Pete in Roseau: My question goes to those who choose not to be vaccinated. If, like me, I get a vaccination. I've had one. I'm going to get the next one. Once I've been vaccinated, and everybody in the state has been offered a vaccine, how long should we be expected to wear masks to protect those who have said, ‘No, I don't want to get a vaccine‘?

Malcolm: I think everybody's wondering — when can we not feel constrained by wearing masks and paying attention to social distancing? Dr. [Anthony] Fauci and others, you know, continue to tell us to be prepared to keep doing this for a while.

I think it goes back to what Kris was saying earlier. It's just things that we don't know yet about whether there might be some vulnerability to new variants that are circulating, even if vaccinated, and then that question about transmission risk.

That may be at the heart of Pete's question about if you're wearing a mask to protect other people who may not be vaccinated. Those are all things that we will learn a lot more about in the coming months, but I think just that it's not very satisfying.

I think what Dr.

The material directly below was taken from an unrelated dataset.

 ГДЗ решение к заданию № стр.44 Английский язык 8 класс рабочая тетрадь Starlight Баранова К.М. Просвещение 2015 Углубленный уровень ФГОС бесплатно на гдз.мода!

Fauci and others are saying is just, while we're still gathering information, while we can't answer some of these critical questions yet with really clear data about how much protection there may be, it's just kind of that extra measure of caution. That still makes sense, just given the, you know, given what we've been through, and the desire to hang on to our gains and get all the way through this.

Ehresmann: There's a couple factors here. One is, we need to reach a certain level of population immunity through vaccination, to really be able to tamp down the spread of COVID so that we get to the point where its more background than dominant.

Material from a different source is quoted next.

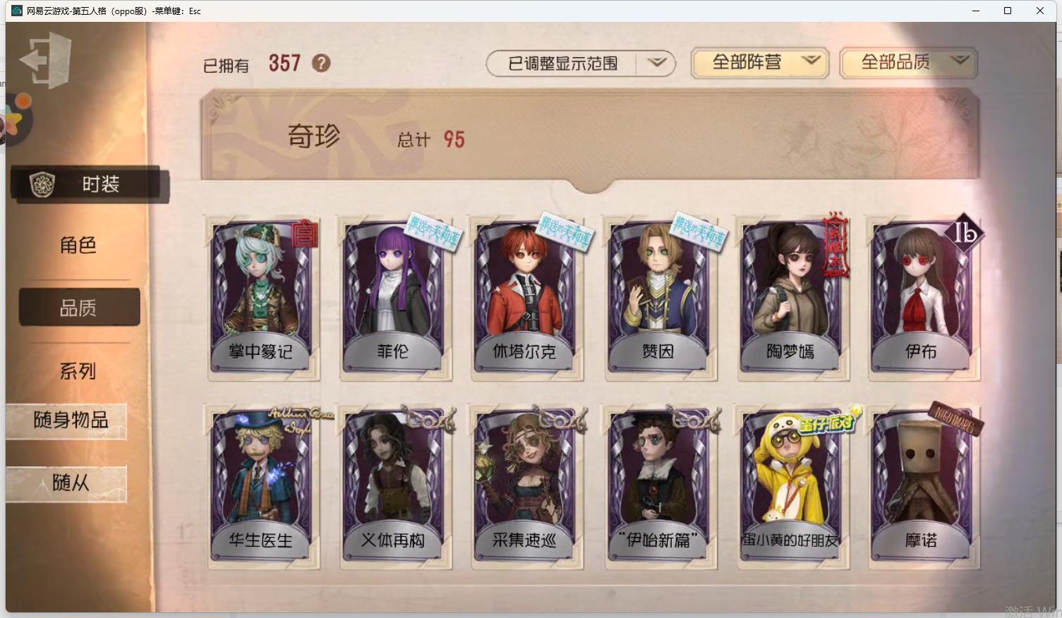 [13735818]OPPO-非账号转移 手机账号 357时装 11金皮 95紫皮 18随从 136随身物品 【时装】:园丁-源自星辰,使徒-多加雷萨,黄衣之主-灾厄之主,勘探员-盖提亚之遗,律师-亚伯拉罕·葛雷,破轮-胡桃夹子,心理学家-长夜,幸运儿-星航之旅,咒术师-灰烬狂想,园丁-异想Hello Kitty,先知-四月一日君寻,爱哭鬼-摩诺,“愚人金”-罪恶熔火,作曲家-先驱探索,鹿头-闻雷爪,“囚徒”-天海兰太郎,空军-爱神之吻,作曲家-猎龙者,病患-溯光,记者-伊布,孽蜥-耶梦加得,杂技演员-李天辰,邮差-华生医生,雕刻家-善忘的海马体,画家-掌中篆记,古董商-陶梦嫣,隐士-薄金 ,病患-休塔尔克,心理学家-菲伦,冒险家-赞因,调酒师-逐浪的玫瑰,幸运儿-蛋小黄的好朋友,邮差-潘塔龙,教授-紧急运输,邮差-报纸怪客,画家-多色印刷,拉拉队员-采集速巡,木偶师-义体再构,小说家-“伊始新篇”,击球手-迫降专家,哭泣小丑-炮弹飞船,画家-江户川乱步,魔术师-广津柳浪,盲女-海女巫,“囚徒”-灵犀妙探,入殓师-菲尼克斯[13739442]苹果官服 邮箱账号 208时装 15金皮 63紫皮 8随从 78随身物品 【时装】:守夜人-KNIGHT-c3,破轮-胡桃夹子,勘探员-盖提亚之遗,飞行家-异相睡眠,小丑-捣蛋裘克,爱哭鬼-摩诺,作曲家-幽灵帆,舞女-西尔菲德,佣兵-中岛敦,园丁-宇宙女巫,杂技演员-茶话会,记者-华生小姐,“囚徒”-OPH.LUCA,骑士-Mentor K,教授-吟游诗人,病患-溯光,“杰克”-加里,雕刻家-善忘的海马体,邮差-华生医生,小丑-OPH.JOKER,邮差-潘塔龙,小说家-“伊始新篇”,哭泣小丑-熄灭的太阳,“法罗女士”-芳泽霞,时空之影-“有机磷”,入殓师-“温室”,“记录员”-删除符,击球手-迫降专家,哭泣小丑-炮弹飞船,勘探员-中原中也,爱哭鬼-雪上小王子,红夫人-女大公,画家-江户川乱步,红蝶-更纱,舞女-高卷杏,调酒师-海盐特调,幸运儿-双一,小丑-变脸王,魔术师-广津柳浪,梦之女巫-信使,前锋-SKULL,梦之女巫-川上富江,前锋-坂本龙司,摄影师-宿醉,“囚徒”-太宰治

Even if every single person in Minnesota who is eligible for vaccine got vaccinated by the time that President Joe Biden's said we have the vaccine, we still have our under [age] 18 or under 16 population that cannot be vaccinated yet, because there is not a vaccine. That's the population that can continue to spread COVID-19, and in the process of that spreading and transmission that allows for the virus to mutate.

So until we have the ability to get the full population vaccinated, which I want to say, on the optimistic side, there are trials underway for kids now, and so we anticipate that there will be vaccines coming. But until that is taken care of that that's sort of a gap in our protection.

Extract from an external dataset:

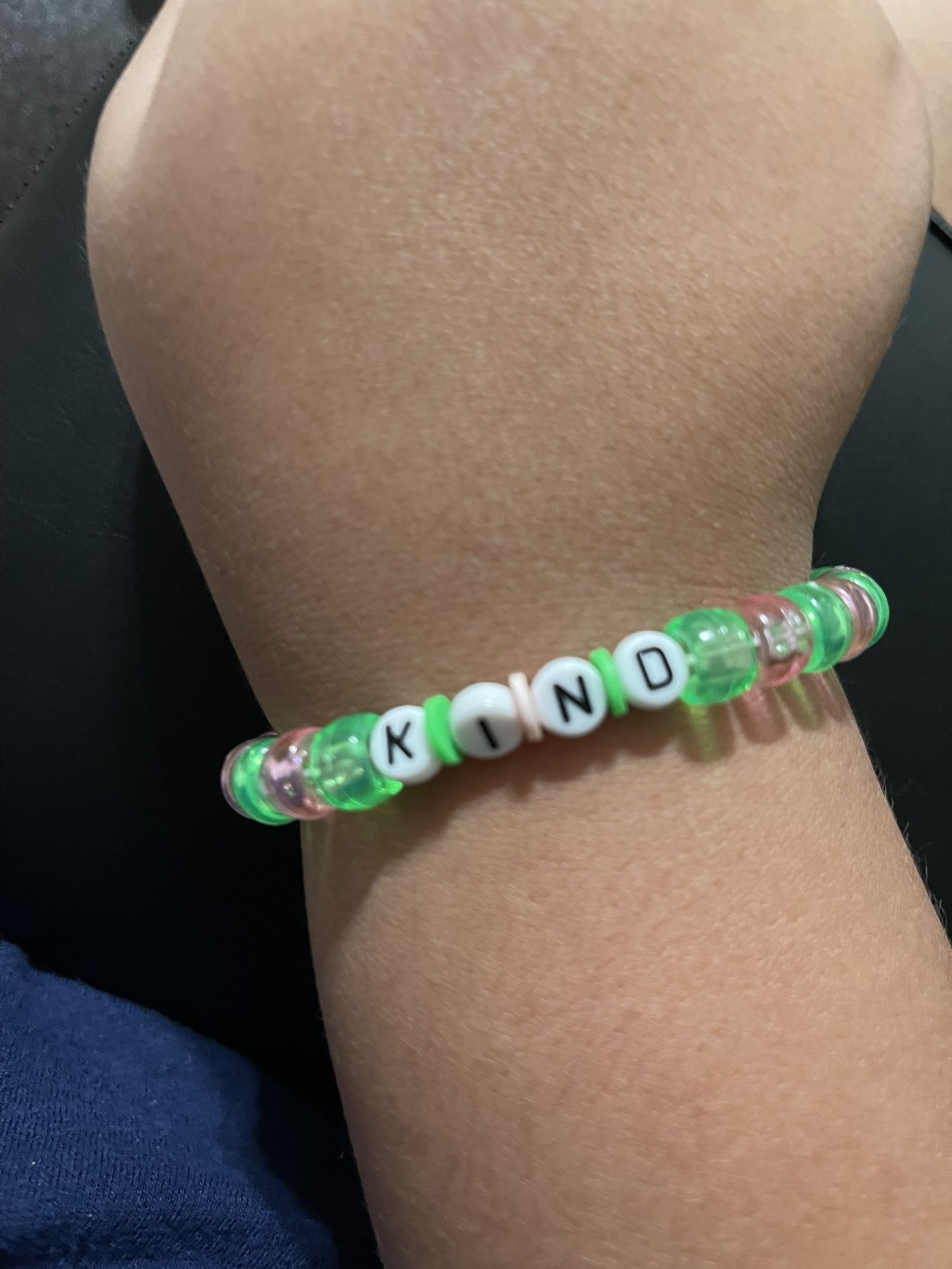 Homemade pink and green bracelet that says kind

Then the fact that variants and how they mutate, and what role that mutation has in making them less amenable to the work of the vaccine, those are all things that we have to look at. So I think things will get better, but there'll be some things that we may have to continue to we are certain that we are out of the woods.

Jim from Mankato (teaches at collegiate level): With March being sort of the spring break week or spring break month, with kids coming back from potentially traveling, for instance, to Texas. We're face to face constantly, you know, we're in small labs with students. And so you're curious why college professors weren't included with the educators group in the phase?

Ehresmann: When at the federal level, they were discussing, you know, making sure that we had child care, and educators vaccinated, the focus was on early childhood to 12 because of the necessity for maintaining societal function. And there were a couple of reasons.

One was that in person learning was so essential to younger learners, and the devastating impact of, of not being able to be in person on that age group in that population. Also, the fact that that age group was less likely to be compliant with masking It would be more difficult to social distance, and that they had greater difficulty with, you know, distance learning or with online learning.

Whereas with the older populations that are in the post secondary setting, they're adults. So you can do a better job of indicating they have to mask, they need to social distance. And they also, in many settings, are able to also have some of their education online, or at least when it's necessary, and do a better job with that.

In terms of educators, they would likely be in 1C. That's the the place that post secondary would be.